Para o Orkut, as pessoas que era altamente conectadas funcionavam como conectores, ou seja, elas representavam grandes nós que conectavam membros de vários grupos isolados e que, através delas, tinham um grau de separação menor entre si. Mas, a priori, essas redes não poderiam ser consideradas redes sociais, pois, em sua formação (esse ato de adicionar amigos), eles já dispensam a interação social, visto que não era um pré-requisito para ser amigo no Orkut. Portanto, essas pessoas altamente conectadas funcionavam como hubs no sistema do Orkut. Poucos são os momentos de diálogo e troca de verdade entre os membros das comunidades. Não era proporcional a quantidade de interação ao tamanho da comunidade (ou pelo menos não parecia ser, rs).
Aqui, já é mais fácil de observar a interação, na medida que ela se dá de maneira repetida (as pessoas conversavam através de comentários). Cada novo comentário poderia ser uma nova conexão, apesar de que também existiam os comentários negativos, que poderiam causar um exílio da comunidade. Então, nem todo comentário representa, de fato, uma nova conexão, pois alguns deles representam uma relação, digamos, subtrativa, de dissociação entre nós.
Para concluir, Raquel fala dos modelos de análise das redes propostos pelos nomes que indiquei no começo desse post. Ela diz que eles são insuficientes no sentido de perceber as complexidades de uma rede social na Internet, visto que esses modelos, apesar de afirmarem sua aplicabilidade para as redes sociais, falham em levar em conta as premissas mais básicas da análise social.
- Modelo de Erdös e Rényi, que apresenta uma rede aleatória, tem méritps de ter sido o primeiro modelo a olhar para as redes sociais e sua dinâmica no tempo. Porém, as relações entre os indivíduos na comunicação através do PC não são aleatórias;
- Modelo de Watts e Strogatz, que apesar de apresentar uma construção importante (o valor das pequenas conexões entre grupos para gerar mundos pequenos), não observa pontos fundamentais, como a motivação dessas conexões, que nem sempre são feitas de modo aleatório.
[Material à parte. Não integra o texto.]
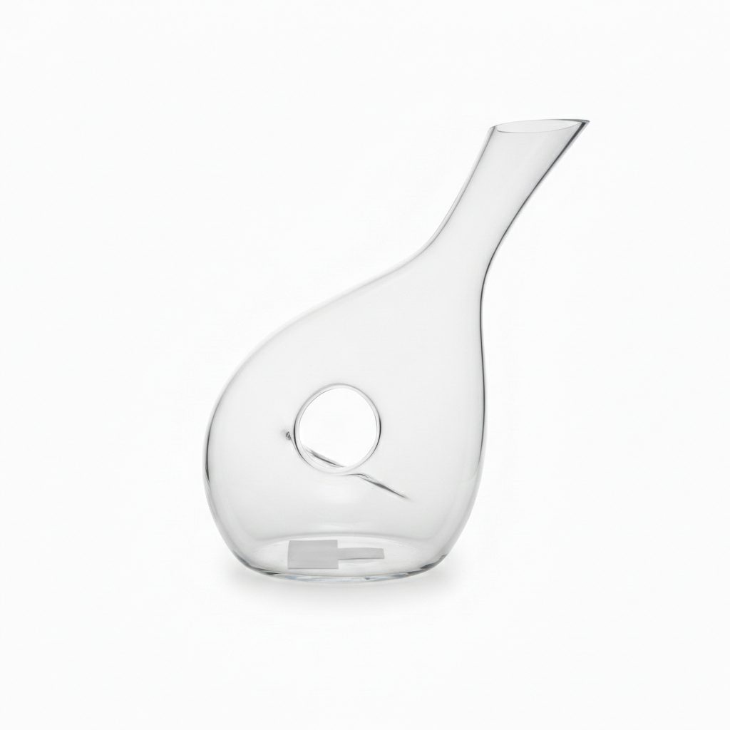 Dekantues elegant nga kristal pa plumb, i punuar me dorë, me formë moderne të lakuar dhe vrimë qendrore për kapje të sigurt dhe servirje të lehtë. Qafa e gjatë e pjerrët lejon aerimin optimal të verës, duke nxjerrë në pah aromat dhe shijet më të mira në çdo gotë. I përshtatshëm si për dekantim ashtu edhe për servirje profesionale në shtëpi apo restorant.
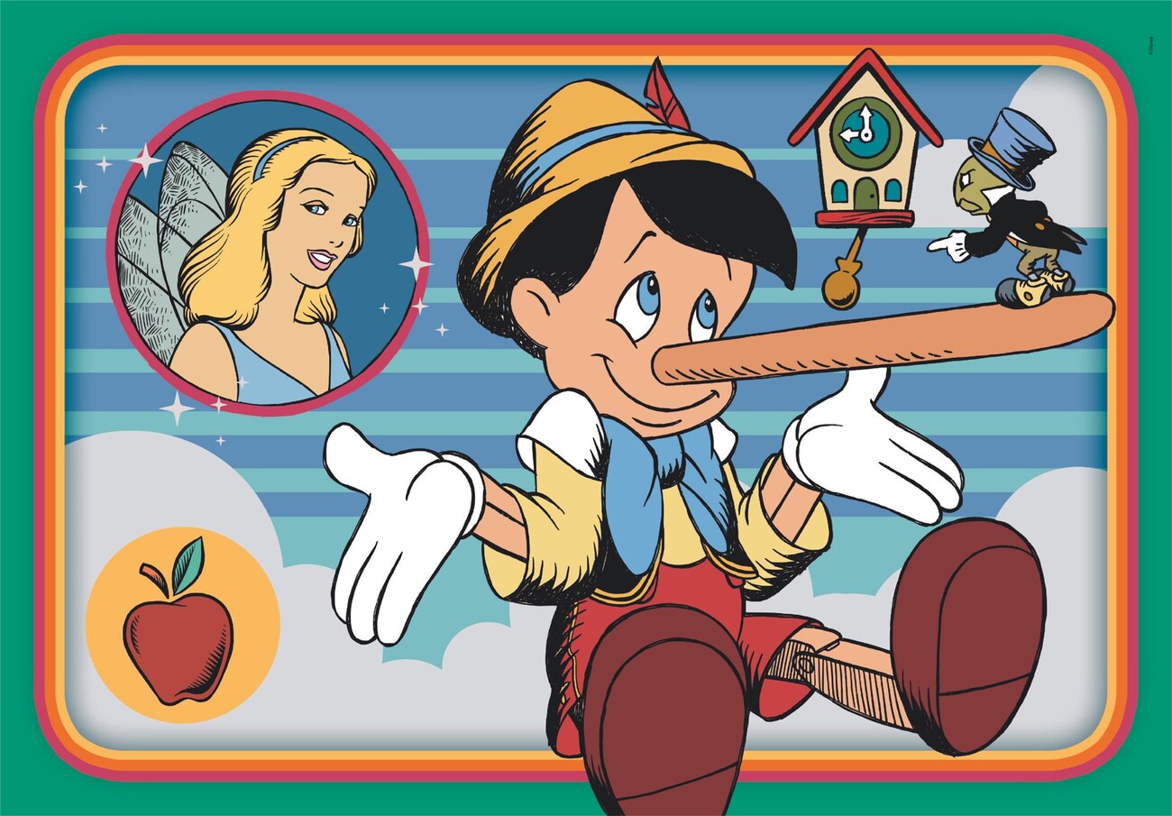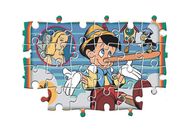 Dvoje puzzle Peter Pan a Pinocchio (2×60 dílků). Veselé ilustrace klasického Disney potěší malé fanoušky; jasné barvy usnadňují třídění. Děti si přirozeně trénují jemnou motoriku i soustředění. Puzzle Clementoni mají ostrý tisk a precizní výsek, takže skládání jde skoro samo. Baleno v robustní, elegantní krabici.

- Modelo de Barabási, que traz um importante insight no sentido de prever o mecanismo de construção das redes, onde os "ricos mais ricos" e a presença de conectores. Porém, sua falha está em pontos cruciais para o estudo das redes sociais geradas via comunicação através de PC, já que não leva em conta, por exemplo, o custo da manutenção dos laços sociais. Hubs simplesmente acumulam laços, como se a relação entre pessoas fosse somente um pedido de amizade na rede. Consequentemente, não leva em conta também o contexto e o capital social envolvido em cada interação, fora que esse mecanismo "ricos mais ricos" falha na formação de grupos sociais na Internet, pois as pessoas procuram conectar-se a outras por motivos específicos e não somente porque possuem mais conexões.
Fechando mais um resumo com uma citação do texto, Raquel diz:
"Todos os modelos, portanto, apresentam falhas na aplicação às redes sociais na Internet, em grande parte, devido à sua natureza matemática e pouco investigativa do teor das conexões e da não presunção de interação para a constituição do laço social."
Assim, termino mais um resumo e te espero na próxima! Até lá.